No son pocos los pensadores que se decantan en este mismo volumen por una interpretación más o menos literal, comenta. Saroj Giri encomia a Jameson por haber encontrado una manera de resolver −nada menos− el problema de la relación entre libertad individual y democracia, mientras que Agon Hamza valora sobre todo el «programa positivo» contenido en la obra, que habrá por ello de ser juzgada en función de «los efectos que tiene sobre el pensamiento contemporáneo» (p. 153). Todos los demás, de Jodi Dean a Slavoj Žižek, proceden a discutir las propuestas concretas que Jameson pone sobre la mesa: el ejército como poder dual, la Agencia Psicoanalítica de Colocación, la relación entre trabajo y ocio. Desde luego, es difícil tomarse en serio un organismo llamado «Agencia Psicoanalítica de Colocación», por no hablar del intercambio de viviendas entre ciudades enteras o la instauración de un sector social en el que no rijan las leyes penales: son ideas tan delirantes que quizá sólo puedan tomarse en serio «rebajándolas» a la categoría de ficciones literarias. Pero, si es el caso, ¿por qué leer An American Utopia? Si es una broma destinada a inocular en nosotros una distancia crítica respecto del presente, ¿por qué discutir sus detalles? Si es una alegoría, ¿dónde queda la realidad?

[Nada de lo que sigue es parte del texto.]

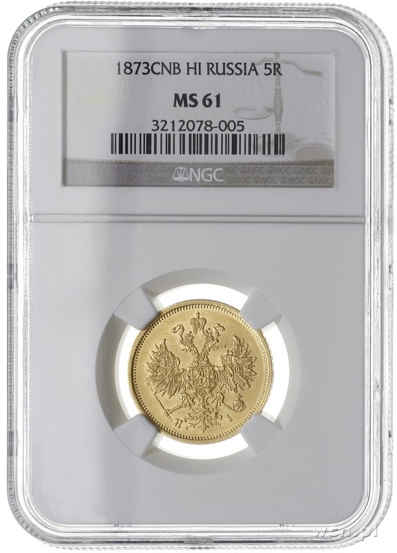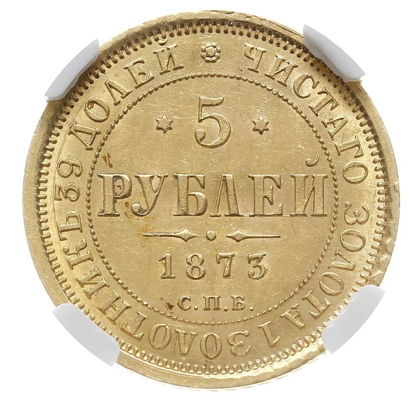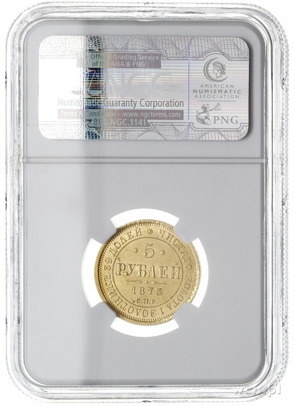 Aleksander II 1855-1881, 5 rubli 1873 СПБ НI, Petersburg, złoto, Bitkin 21, Fr. 163, moneta w pudełku NGC z certyfikatem MS61, pięknie zachowane

Recordemos que el propio Jameson es ambiguo acerca del estatuto de la obra, comenta, oscilando en todo momento entre la propuesta utópica y el programa político. Y no cabe duda de que el empleo del ejército como poder dual pertenece al segundo, aun cuando el bosquejo de la sociedad resultante se inscriba en la primera. Pero, a su vez, los principios generales que dan forma a la utopía no son utópicos en sí mismos, sino dignos de discusión. E incluso los aspectos más cómicos de la misma, como la Agencia Psicoanalítica de Colocación, han de debatirse como si se planteasen en serio y fueran realizables. ¿No es el como si la instancia fundacional que comparten la utopía y el pensamiento político normativo en sus respectivas meditaciones sobre lo deseable? Aunque la etimología de la palabra ya manifieste con claridad que lo propio de la utopía es presentar un lugar que no existe ni puede existir, la única manera de honrar la propuesta de Jameson es discutirla como si pudiera realizarse.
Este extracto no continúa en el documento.